§ Task prompt
Starting with the line containing "葉っぱが銅葉で、テマリのよう" and going on through the line containing "240 Pitt Street", return the lines of the data below exactly, and only those.

§ Records to process

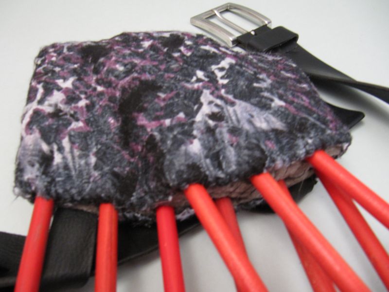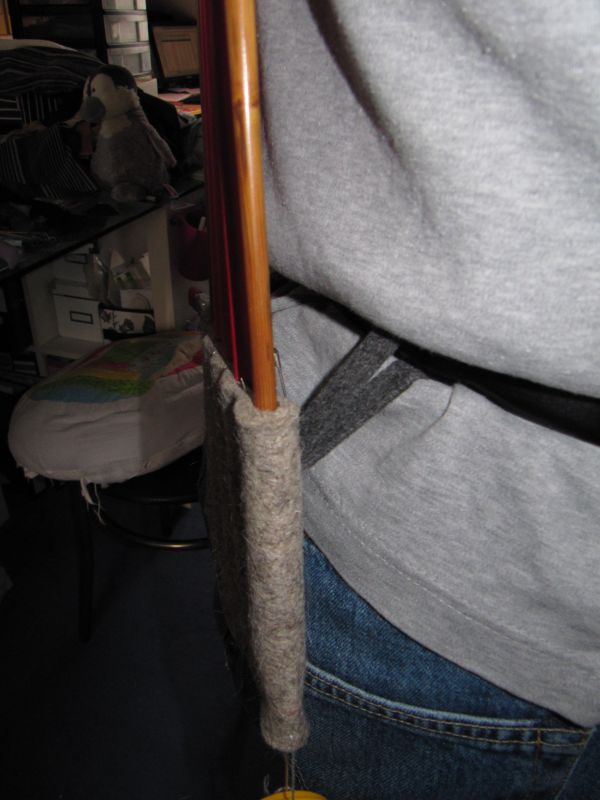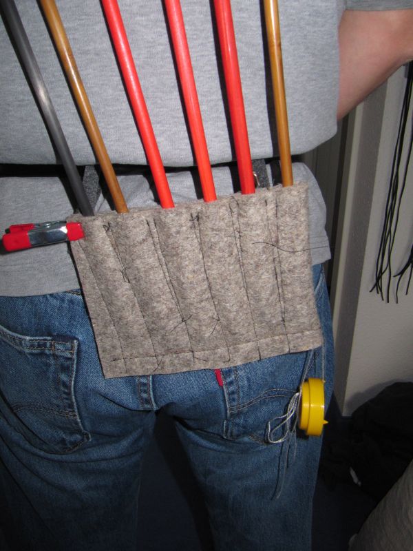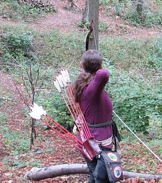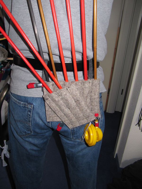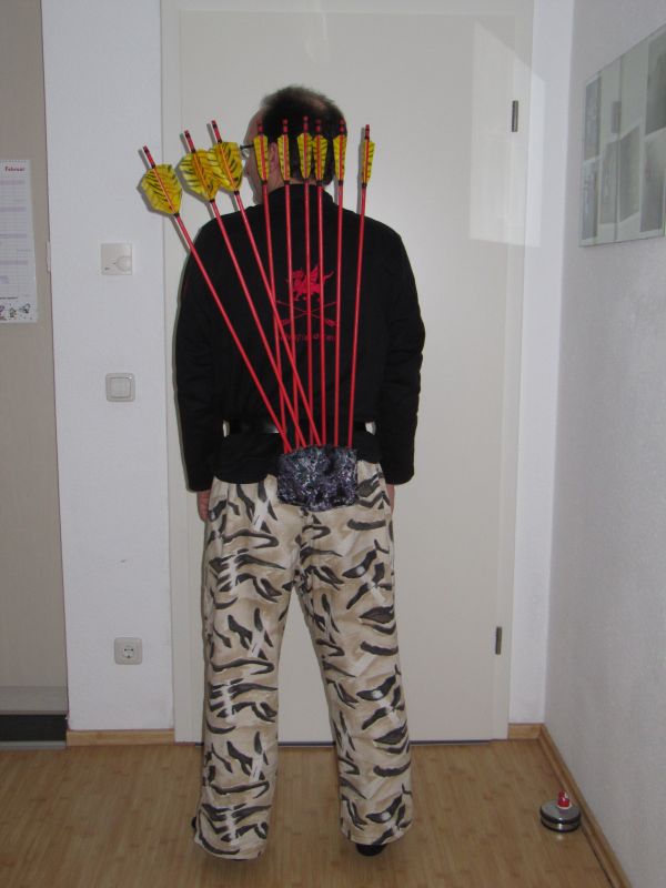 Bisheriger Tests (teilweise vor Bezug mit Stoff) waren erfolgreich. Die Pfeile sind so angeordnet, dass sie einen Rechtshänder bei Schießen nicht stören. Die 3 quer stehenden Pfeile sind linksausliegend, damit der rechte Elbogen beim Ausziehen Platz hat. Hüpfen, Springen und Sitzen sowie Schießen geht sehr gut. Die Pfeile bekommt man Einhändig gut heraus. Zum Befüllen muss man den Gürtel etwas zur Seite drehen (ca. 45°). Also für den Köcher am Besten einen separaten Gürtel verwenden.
--
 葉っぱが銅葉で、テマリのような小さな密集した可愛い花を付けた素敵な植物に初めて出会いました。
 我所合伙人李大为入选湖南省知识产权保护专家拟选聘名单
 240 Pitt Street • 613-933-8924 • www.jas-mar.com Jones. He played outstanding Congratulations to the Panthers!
--
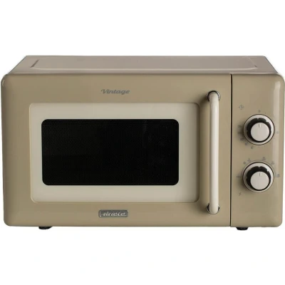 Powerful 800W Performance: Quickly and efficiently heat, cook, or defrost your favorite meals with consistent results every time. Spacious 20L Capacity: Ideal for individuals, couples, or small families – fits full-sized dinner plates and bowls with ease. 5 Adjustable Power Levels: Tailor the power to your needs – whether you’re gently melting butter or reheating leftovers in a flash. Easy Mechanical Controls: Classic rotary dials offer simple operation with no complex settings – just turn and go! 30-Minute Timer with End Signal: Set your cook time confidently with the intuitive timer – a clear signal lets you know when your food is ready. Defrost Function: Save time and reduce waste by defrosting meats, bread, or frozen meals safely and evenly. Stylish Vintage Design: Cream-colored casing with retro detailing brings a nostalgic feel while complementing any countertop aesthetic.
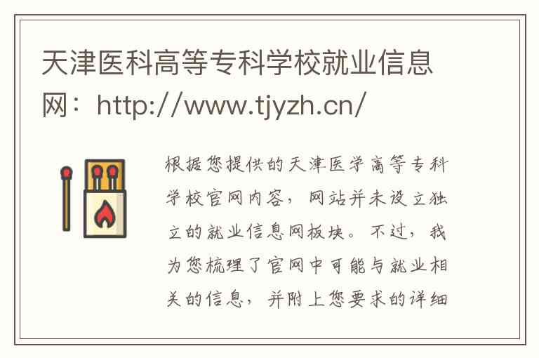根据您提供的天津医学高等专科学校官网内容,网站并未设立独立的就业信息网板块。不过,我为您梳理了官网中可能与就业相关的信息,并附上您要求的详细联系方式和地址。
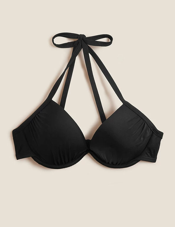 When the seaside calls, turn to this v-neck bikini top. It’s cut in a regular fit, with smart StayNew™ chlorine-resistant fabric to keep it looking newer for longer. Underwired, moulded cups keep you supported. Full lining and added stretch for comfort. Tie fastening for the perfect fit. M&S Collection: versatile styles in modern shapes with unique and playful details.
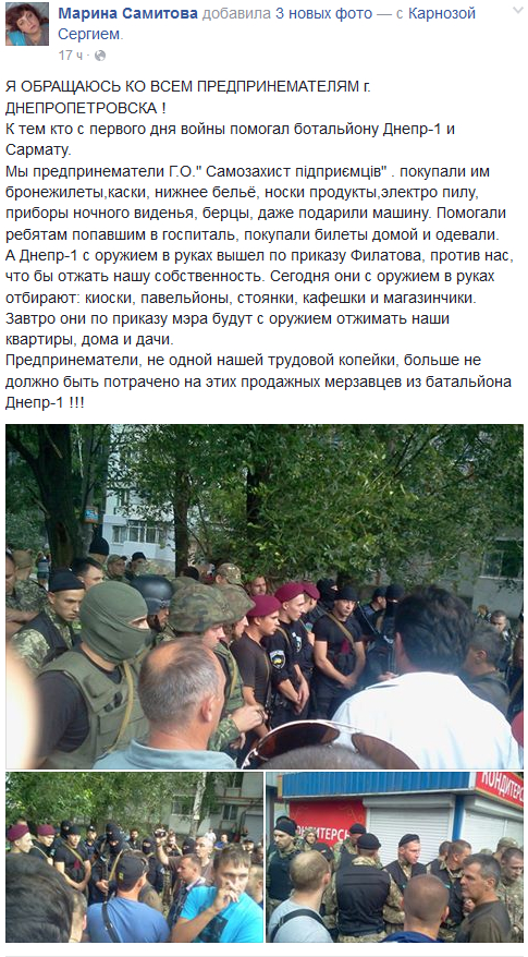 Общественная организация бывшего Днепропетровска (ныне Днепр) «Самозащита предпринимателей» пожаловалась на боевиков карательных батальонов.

§ Answer area
 葉っぱが銅葉で、テマリのような小さな密集した可愛い花を付けた素敵な植物に初めて出会いました。
 我所合伙人李大为入选湖南省知识产权保护专家拟选聘名单
 240 Pitt Street • 613-933-8924 • www.jas-mar.com Jones. He played outstanding Congratulations to the Panthers!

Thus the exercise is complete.